An automatic horsepower control system on a working vehicle which varies the vehicle drive speed so as to maintain a maximum torque output on the working function of the vehicle. The prime mover of the vehicle drives the work function and also a pump which in turn supplies motordriven wheels for moving the vehicle. A stroker control cylinder controlled by a solenoid operated valve varies the pump flow rate to the motor to change vehicle speeds, said solenoid operated valve being signaled by an electronic controller which compares the prime mover's RPM with a standard to determine the torque load from the work function, and accordingly signals the valve to increase or decrease the flow to the motor to adjust vehicle speed and maintain a constant work load on the prime mover.

Description

This is a continuation-in-part of application Ser. No. 139,864 filed Apr. 14, 1980, issued as U.S. Pat. No. 4,337,587 on July 6, 1982.

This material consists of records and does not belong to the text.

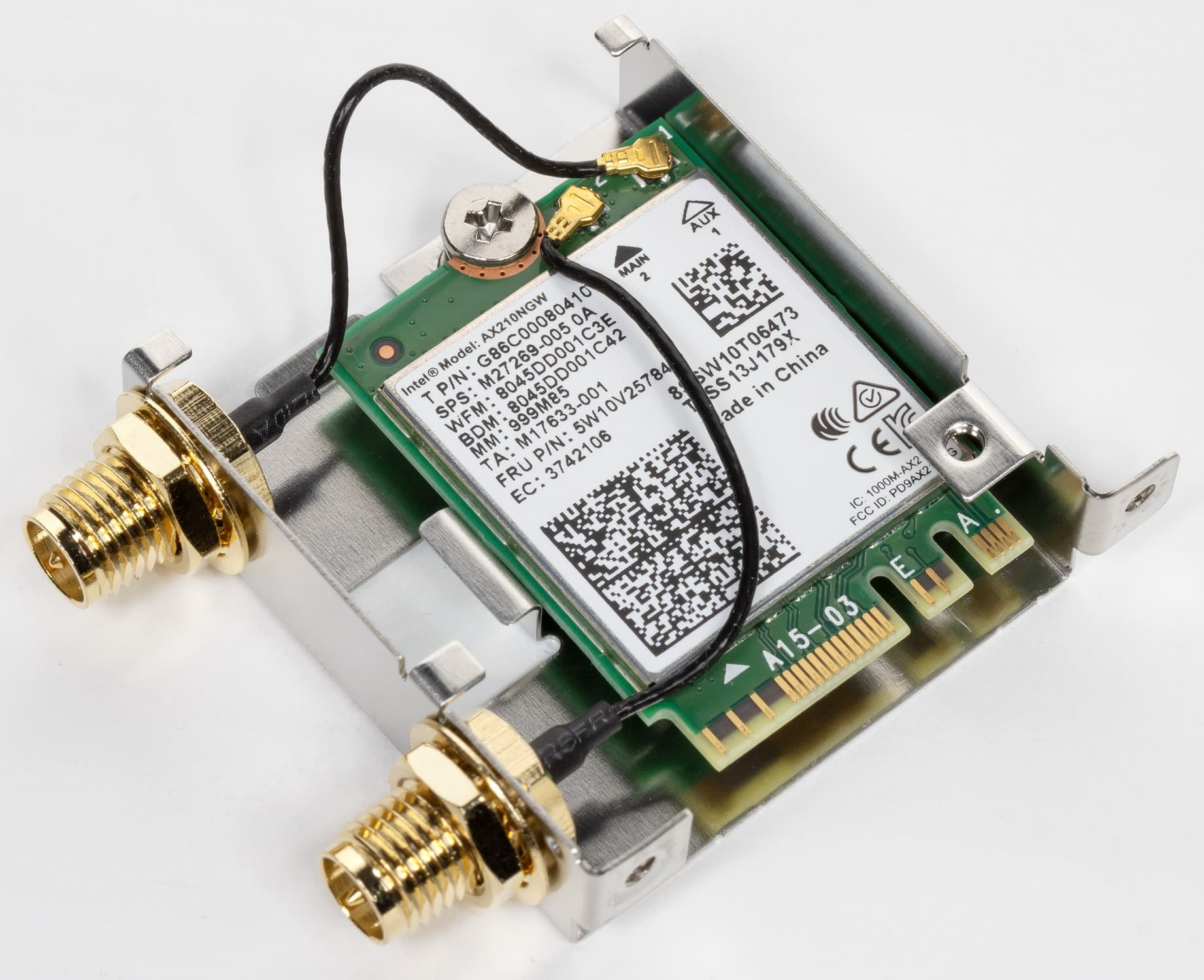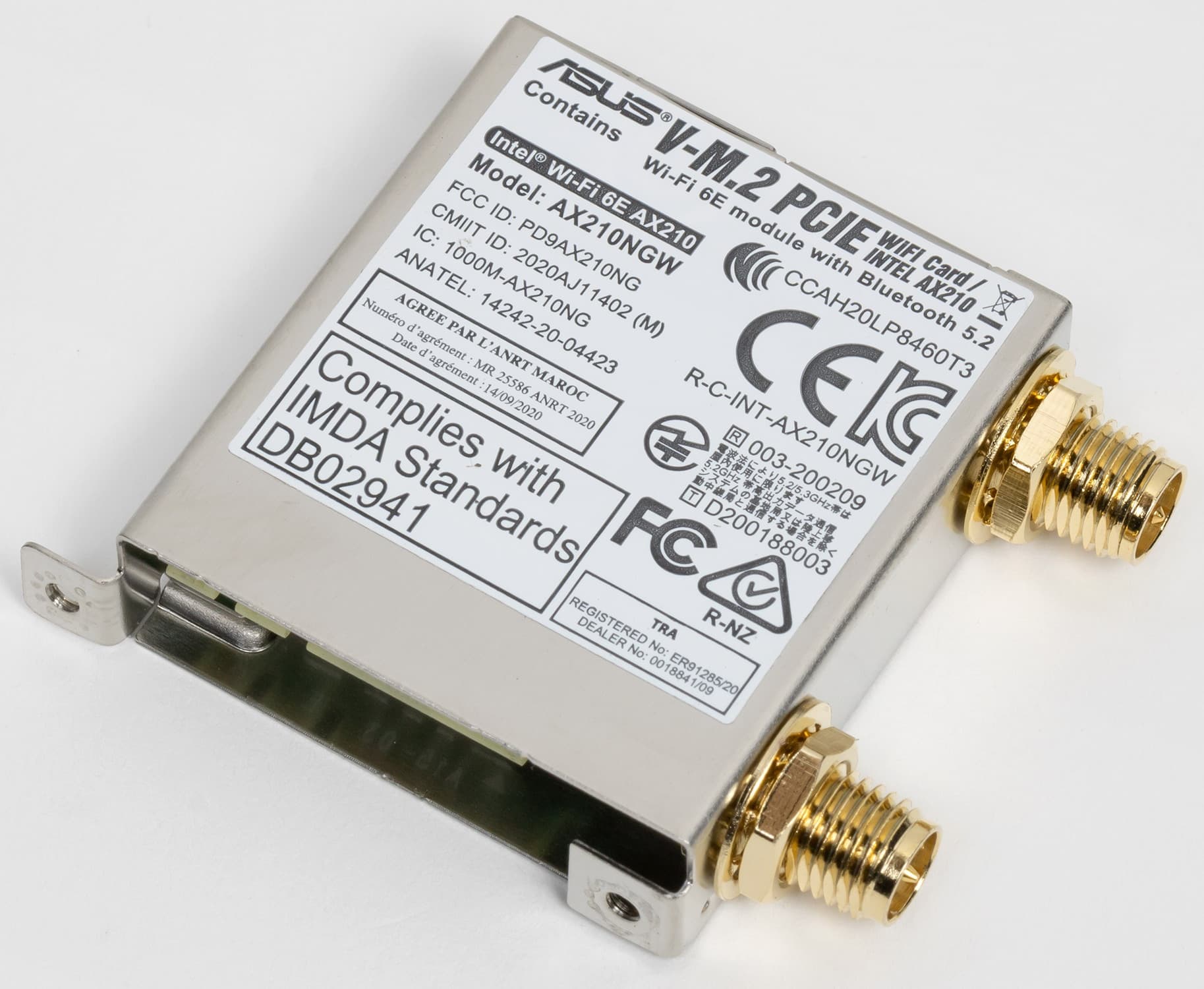 Имеется и комплексный беспроводной адаптер на контроллере Intel AX-210NGW, через который реализованы Wi-Fi 6E (802.11a/b/g/n/ac/ax) и Bluetooth 5.2. Он установлен в слот M.2 (E-key), и его разъемы для привинчивания выносных антенн выведены на заднюю панель.
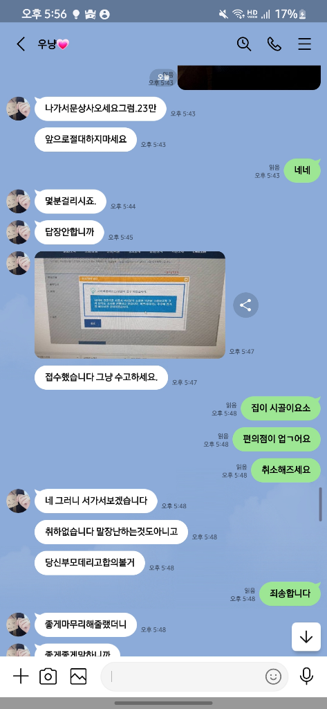 3. 라인 대화 무시 하세요. 절대 돈같은거 주지 마시구요.
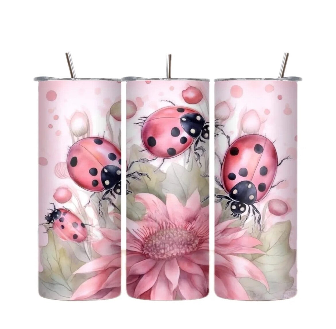 Ladybug on a 20oz Stainless Steel Tumbler.
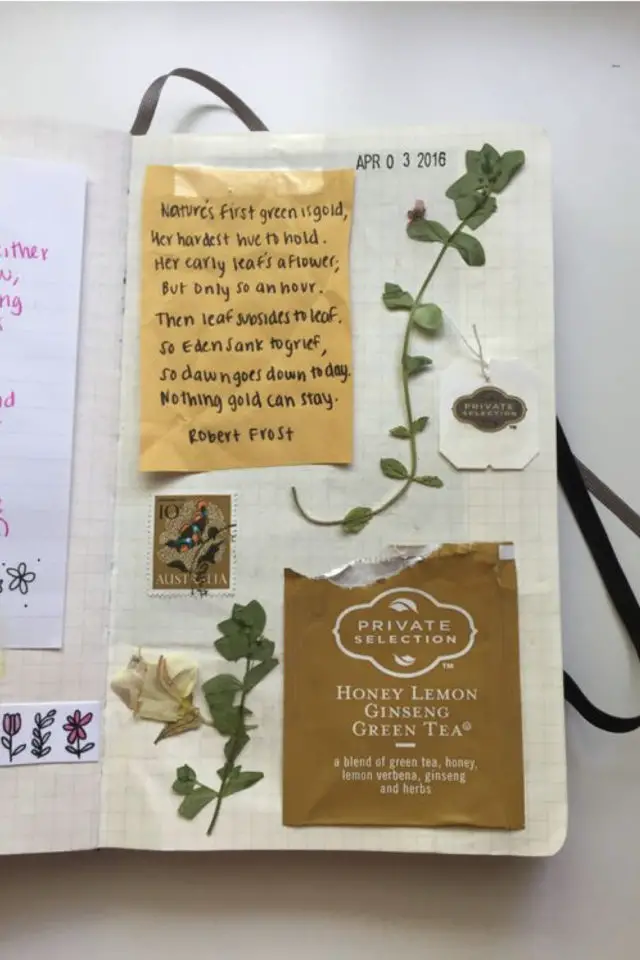 24 • A l'image d'un herbier, on peut garder quelques fleurs ou herbes d'un voyage. Il suffit de les faire sécher avant de les intégrer dans votre journal de voyage. Ici, il y a aussi un sachet de thé, un timbre. Le texte est lui aussi un élément de déco.
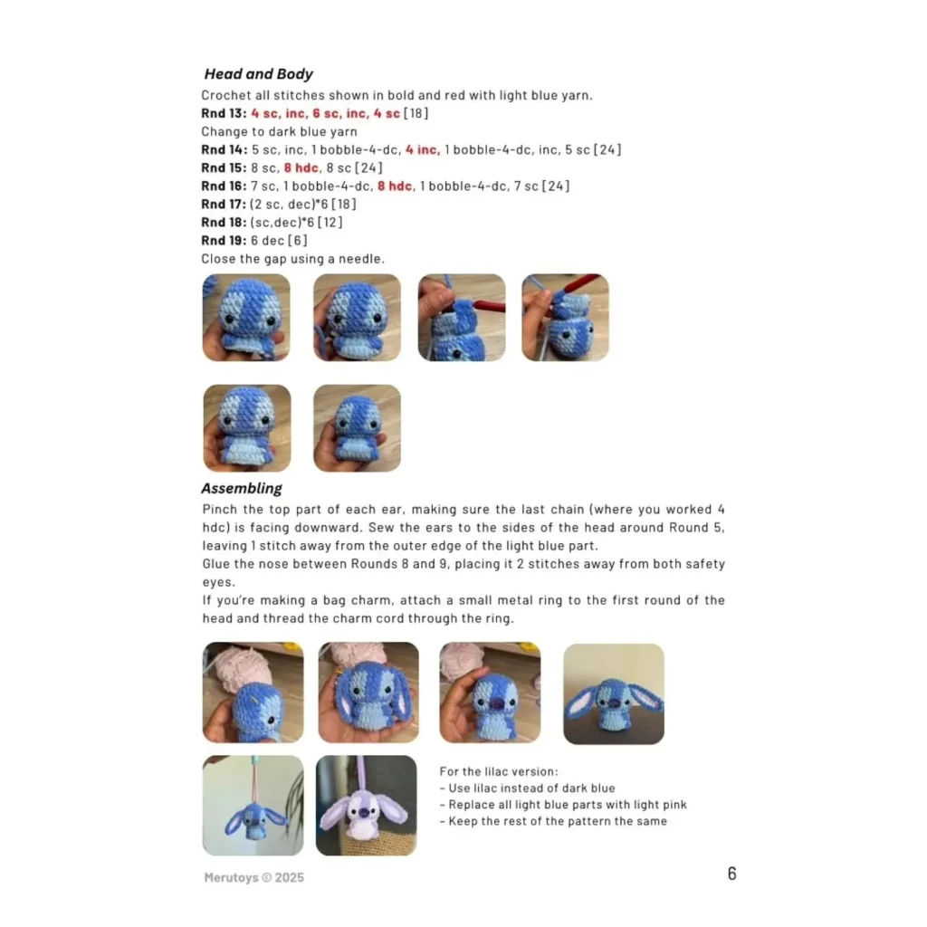 - Bag Charm (Optional): If you’re making a bag charm, attach a small metal ring to the first round of the head and thread the charm cord through the ring.
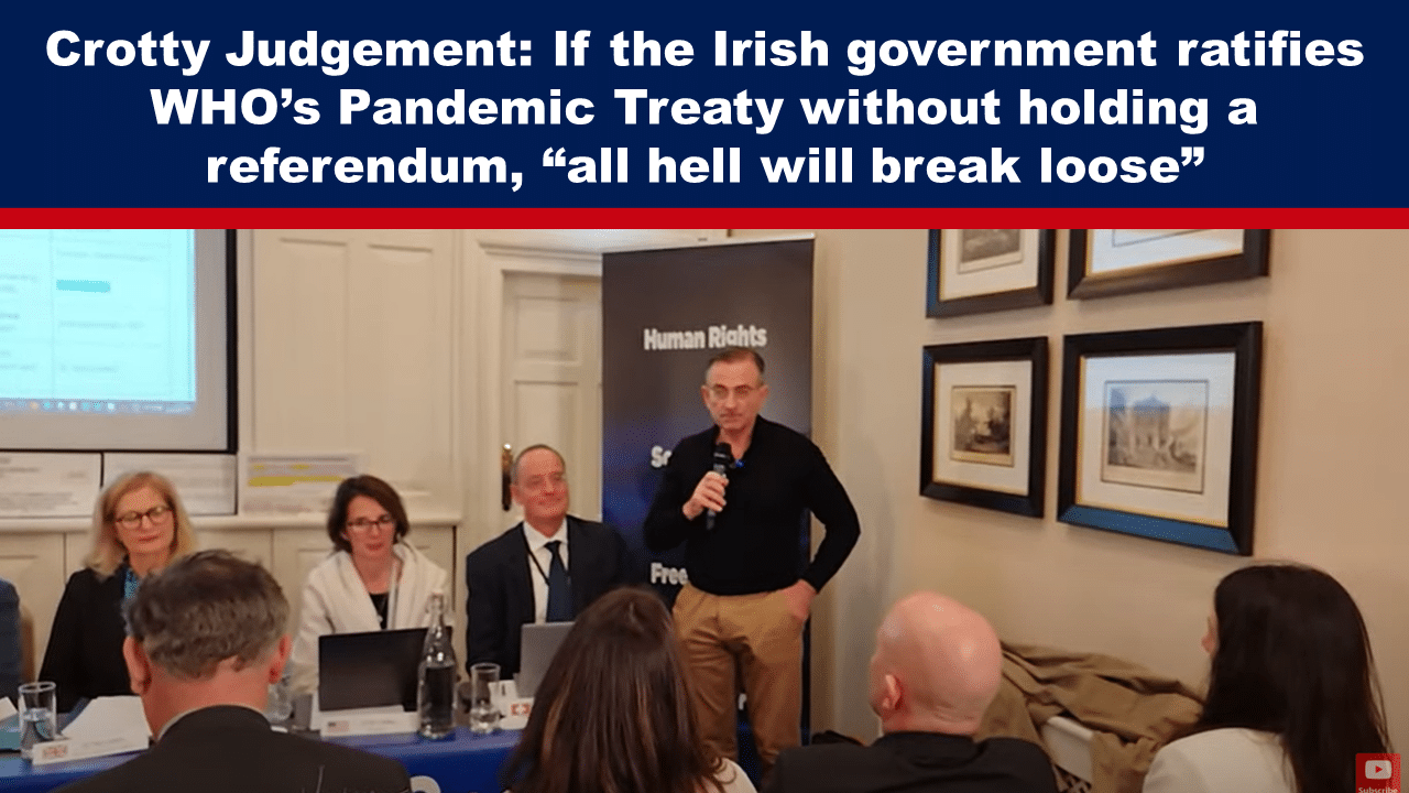 Below is a short video report by Ivor Cummins from the presentations at the Irish parliament on WHO’s Pandemic Treaty held earlier this week, on 6 February. It includes an explanation of the Crotty judgement by Irish author and presenter Eddie Hobbs.
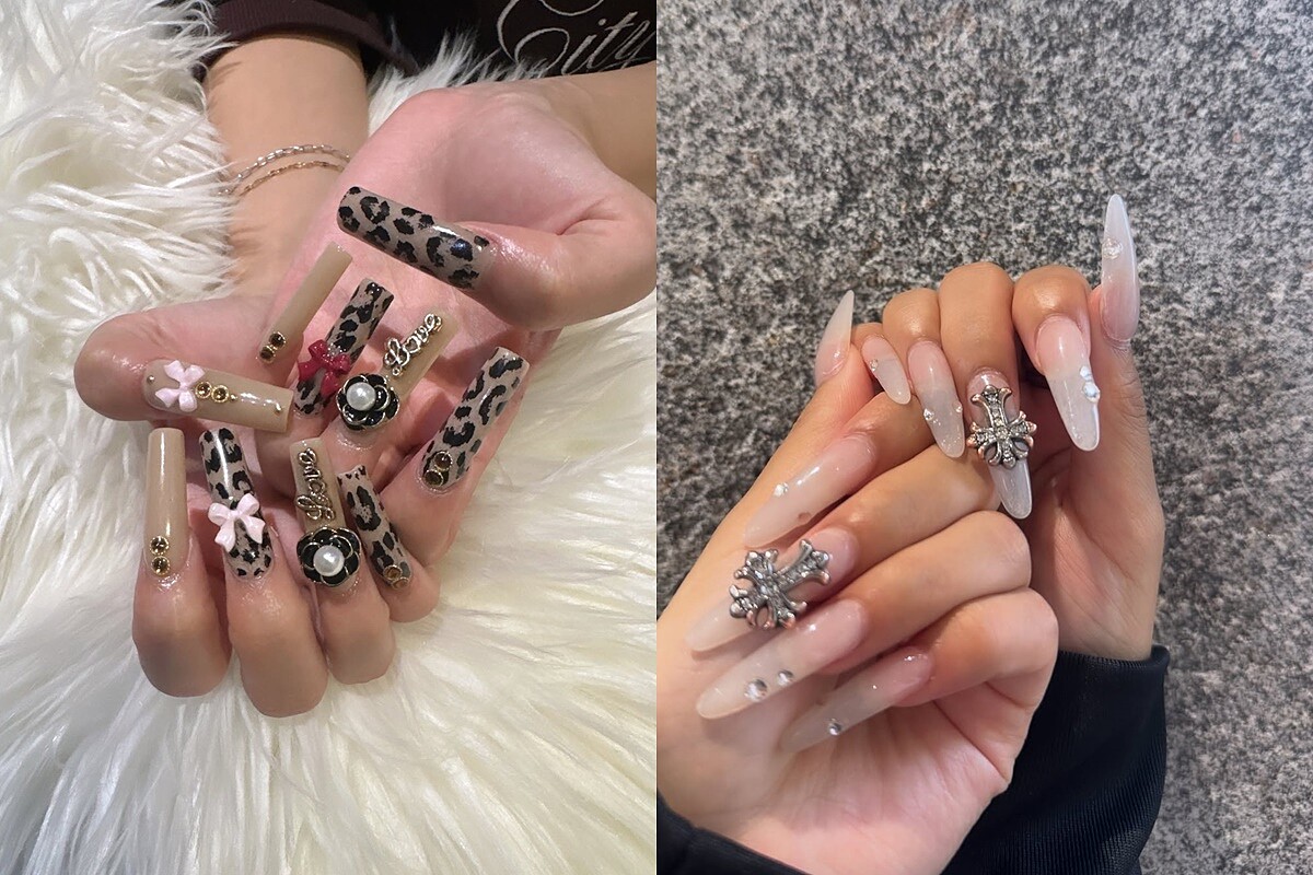 澀谷辣妹的特色包括濃艷的妝容、小麥膚色、歐美裸唇……還有最重要的就是超長美甲!觀察小綺的美甲會發現,她更喜歡複雜、搶眼、華麗的款式,且必定會加入立體的裝飾,而每回新甲的共通點,正是選用超長的延甲!
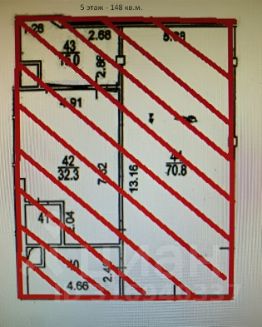 5 этаж - 148 кв.м. (офис), смешанная планировка, выполнен косметический ремонт.
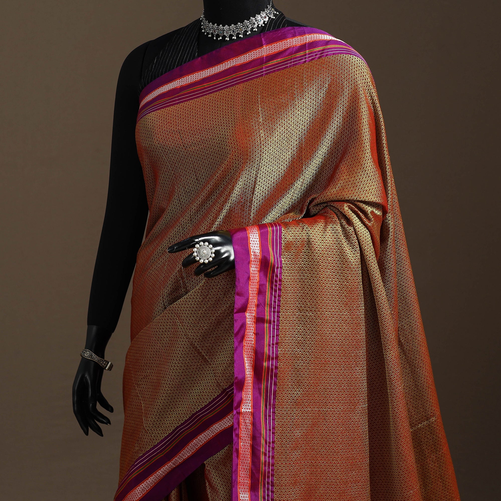 | Material | This beautiful khun saree from Karnataka blends tradition with modern charm. It features a soft cotton-nylon body and a vibrant poly-viscose pallu, finished with a chikki paras border. Khun sarees are now loved for their unique texture and colourful appeal perfect for festive occasions or elegant everyday wear. |
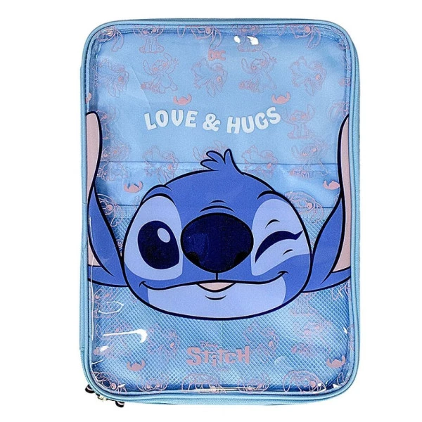 Pasta fichário universiáaria criativa em PVC cristal e verso em Naylon. Ideal para organizar itens do dia a dia como cadernos, celular, notebook 14", com estampa do personagem divertido Stitch.
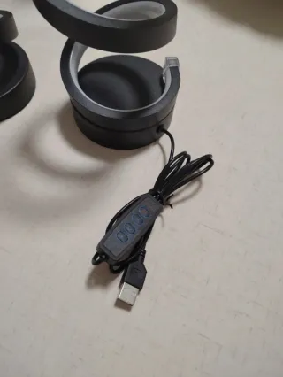 Lampada da scrivania con un design moderno e flessibile. - Testa luminosa ad anello. - Collo flessibile per orientare la luce. - Base rotonda con porta USB.
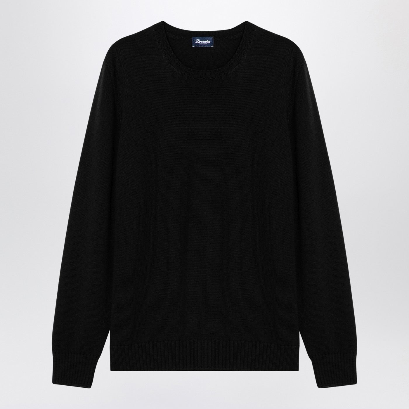 Jugua de cuello de equipo de lana de lana negra de Drumhr, presenta mangas largas, dobladillos acanalados y dobladillo recto.

BACKGROUND OF THE INVENTION
For many years vehicles have been built wherein the prime mover drives the work function of the vehicle along with propelling the vehicle. Machines of this type would include trenchers, forage harvesters, tillage machines and any other type of machine which moves along as it performs its work function. In the case with most of these machines, and particularly a trencher, the machine does not have enough power to operate its digging mechanism while propelling the machine at its maximum ground speed. Therefore, the operator must listen to the engine, or watch the engine RPM while manually varying the ground speed of the trencher to keep the engine loaded, but at the same time not to overload the engine causing it to stall. This type of manually adjusted system has proven fairly successful, but requires a skilled operator to make constant speed correction to realize anywhere near optimum machine performance. A lesser-skilled operator obviously cannot run the machine at anywhere near its peak capacity. Quite often the operator sets the ground speed at some value whereby the engine horsepower used is substantially less than the maximum, and lets the machine operate at this speed, thus not utilizing the full capabilities of the machine.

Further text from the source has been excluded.